Mark Adler [Mon, 18 Feb 2019 04:45:53 +0000 (20:45 -0800)]
Use ARM crc32 instructions if the ARM architecture has them.
The ARM crc32 instructions will be used only if an architecture is
explicitly specified at compile time that has those instructions.
For example, -march=armv8.1-a or -march=armv8-a+crc, or if the
machine being compiled on has the instructions, -march=native.
Mark Adler [Mon, 18 Feb 2019 03:48:57 +0000 (19:48 -0800)]
Add use of the ARMv8 crc32 instructions when requested.
Define the macro Z_ARM_CRC32 at compile time to use the ARMv8
(aarch64) crc32x and crc32b instructions. This code does not check
for the presence of the crc32 instructions. Those instructions are
optional for ARMv8.0, though mandatory for ARMv8.1 and later. The
use of the crc32 instructions is about ten times as fast as the
software braided calculation of the CRC-32. This can noticeably
speed up the decompression of gzip streams.
Mark Adler [Thu, 3 Jan 2019 02:10:40 +0000 (18:10 -0800)]
Don't bother computing check value after successful inflateSync().
inflateSync() is used to skip invalid deflate data, which means
that the check value that was being computed is no longer useful.
This commit turns off the check value computation, and furthermore
allows a successful return if the compressed data terminated in a
graceful manner. This commit also fixes a bug in the case that
inflateSync() is used before a header is ever processed. In that
case, there is no knowledge of a trailer, so the remainder is
treated as raw.
Mark Adler [Tue, 11 Dec 2018 09:11:38 +0000 (01:11 -0800)]
Speed up software CRC-32 computation by a factor of 1.5 to 3.
Use the interleaved method of Kadatch and Jenkins in order to make
use of pipelined instructions through multiple ALUs in a single
core. This also speeds up and simplifies the combination of CRCs,
and updates the functions to pre-calculate and use an operator for
CRC combination.
Mark Adler [Sun, 4 Nov 2018 18:31:46 +0000 (10:31 -0800)]
Add crc32_combine_gen() and crc32_combine_op() for fast combines.
When the same len2 is used repeatedly, it is faster to use
crc32_combine_gen() to generate an operator, that is then used to
combine CRCs with crc32_combine_op().
Mark Adler [Sat, 4 Aug 2018 21:27:02 +0000 (14:27 -0700)]
Clarify that prefix codes are counted in enough.c.

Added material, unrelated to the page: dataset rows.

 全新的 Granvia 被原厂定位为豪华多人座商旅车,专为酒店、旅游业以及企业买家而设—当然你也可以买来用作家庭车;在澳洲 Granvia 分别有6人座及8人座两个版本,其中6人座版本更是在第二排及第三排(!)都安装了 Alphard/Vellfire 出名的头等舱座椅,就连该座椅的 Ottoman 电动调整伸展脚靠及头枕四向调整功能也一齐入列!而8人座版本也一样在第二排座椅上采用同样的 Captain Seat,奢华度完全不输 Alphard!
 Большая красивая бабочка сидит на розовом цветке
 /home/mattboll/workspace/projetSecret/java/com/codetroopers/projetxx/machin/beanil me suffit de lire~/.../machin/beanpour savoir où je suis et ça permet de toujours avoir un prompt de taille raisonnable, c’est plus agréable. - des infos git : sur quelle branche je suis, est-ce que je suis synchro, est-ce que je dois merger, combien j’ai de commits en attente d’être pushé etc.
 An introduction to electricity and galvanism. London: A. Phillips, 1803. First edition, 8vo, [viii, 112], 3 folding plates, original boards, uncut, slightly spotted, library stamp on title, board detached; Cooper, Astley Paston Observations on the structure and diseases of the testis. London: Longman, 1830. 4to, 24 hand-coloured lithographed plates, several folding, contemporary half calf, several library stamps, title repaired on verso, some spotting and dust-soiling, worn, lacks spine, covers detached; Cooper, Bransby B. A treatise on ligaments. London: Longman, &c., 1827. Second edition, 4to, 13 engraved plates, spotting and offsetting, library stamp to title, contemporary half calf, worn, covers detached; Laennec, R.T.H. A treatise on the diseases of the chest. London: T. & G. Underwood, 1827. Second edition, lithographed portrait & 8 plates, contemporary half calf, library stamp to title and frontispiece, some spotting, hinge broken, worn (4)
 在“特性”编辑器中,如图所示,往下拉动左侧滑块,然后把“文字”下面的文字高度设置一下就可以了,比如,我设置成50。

There is no assurance that all prefix codes are reachable as
optimal Huffman codes for the numbers of symbols encountered in
a deflate block. This code considers all possible prefix codes,
which might be a larger set than all possible Huffman codes,
depending on the constraints.
Mark Adler [Wed, 18 Apr 2018 05:09:22 +0000 (22:09 -0700)]
Fix a bug that can crash deflate on some input when using Z_FIXED.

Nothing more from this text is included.